Saier M H, Yamada M, Erni B, Suda K, Lengeler J, Ebner R, Argos P, Rak B, Schnetz K, Lee C A
Department of Biology, USCD, La Jolla, California 92093.
FASEB J. 1988 Mar 1;2(3):199-208. doi: 10.1096/fasebj.2.3.2832233.

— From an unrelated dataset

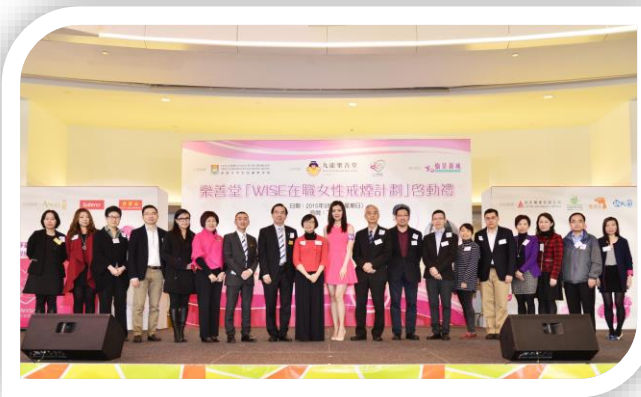
一眾支持及參與機構與樂善堂一同積極推動女性戒煙運動

The amino acyl sequences of eight permeases (enzymes II and enzyme II-III pairs) of the bacterial phosphoenolpyruvate:sugar phosphotransferase system (PTS) have been analyzed. All systems show similar sizes, and six of these systems exhibit the same molecular weight +/- 2%. Several exhibit sequence homology. Characteristic NH2-terminal and COOH-terminal sequences were found. The NH2-terminal leader sequences are believed to function in targeting of the permeases to the membrane, whereas the characteristic COOH-terminal sequences are postulated to mediate interaction with the energy-coupling protein phospho HPr. One of the systems, the one specific for mannose, exhibits distinctive characteristics. A pair of probable phosphorylation sites was detected in each of the five most similar systems, those specific for beta-glucosides, sucrose, glucose, N-acetylglucosamine, and mannitol. One of the two equivalent phosphorylation sites (proposed phosphorylation site 1) was located approximately 80 residues from the COOH terminus of each system. The other site (proposed phosphorylation site 2) was located approximately 440 residues from the COOH termini of the glucose and N-acetylglucosamine systems, approximately 320 residues from the COOH termini of the beta-glucoside and sucrose systems, and 381 residues from the COOH terminus of the mannitol system. Intragenic rearrangement during evolutionary history may account for the different positions of phosphorylation sites 2 in the different PTS permeases. More extensive intragenic rearrangements may have given rise to entirely different positions of phosphorylation in the glucitol, mannose, and lactose systems. A single, internal amphipathic alpha-helix with characteristic features was found in each of seven of the eight enzymes II. The lactose-specific enzyme III of Staphylococcus aureus was unique in possessing a COOH-terminal amphipathic alpha-helix rich in basic amino acyl residues. Possible functions for these amphipathic segments are discussed.
糖磷酸转移酶系统(PTS)的8种通透酶(酶II和酶II - III对)的氨酰基序列进行了分析。所有系统显示出相似的大小,其中6个系统的分子量相同,误差在±2%以内。有几个系统表现出序列同源性。发现了特征性的氨基末端和羧基末端序列。氨基末端前导序列被认为在将通透酶靶向到膜上起作用,而特征性的羧基末端序列被假定介导与能量偶联蛋白磷酸 - HPr的相互作用。其中一个系统,即对甘露糖特异的系统,表现出独特的特征。在五个最相似的系统中,即对β - 葡萄糖苷、蔗糖、葡萄糖、N - 乙酰葡糖胺和甘露醇特异的系统中,每个系统都检测到一对可能的磷酸化位点。两个等效磷酸化位点之一(提议的磷酸化位点1)位于每个系统羧基末端约80个残基处。另一个位点(提议的磷酸化位点2)位于葡萄糖和N - 乙酰葡糖胺系统羧基末端约440个残基处,β - 葡萄糖苷和蔗糖系统羧基末端约320个残基处,以及甘露醇系统羧基末端381个残基处。进化历史中的基因内重排可能解释了不同PTS通透酶中磷酸化位点2的不同位置。更广泛的基因内重排可能导致了葡糖醇、甘露糖和乳糖系统中磷酸化位置完全不同。在8种酶II中的7种中,每种都发现了一个具有特征的单一内部两亲性α - 螺旋。金黄色葡萄球菌的乳糖特异性酶III独特之处在于其羧基末端富含碱性氨酰基残基的两亲性α - 螺旋。讨论了这些两亲性片段的可能功能。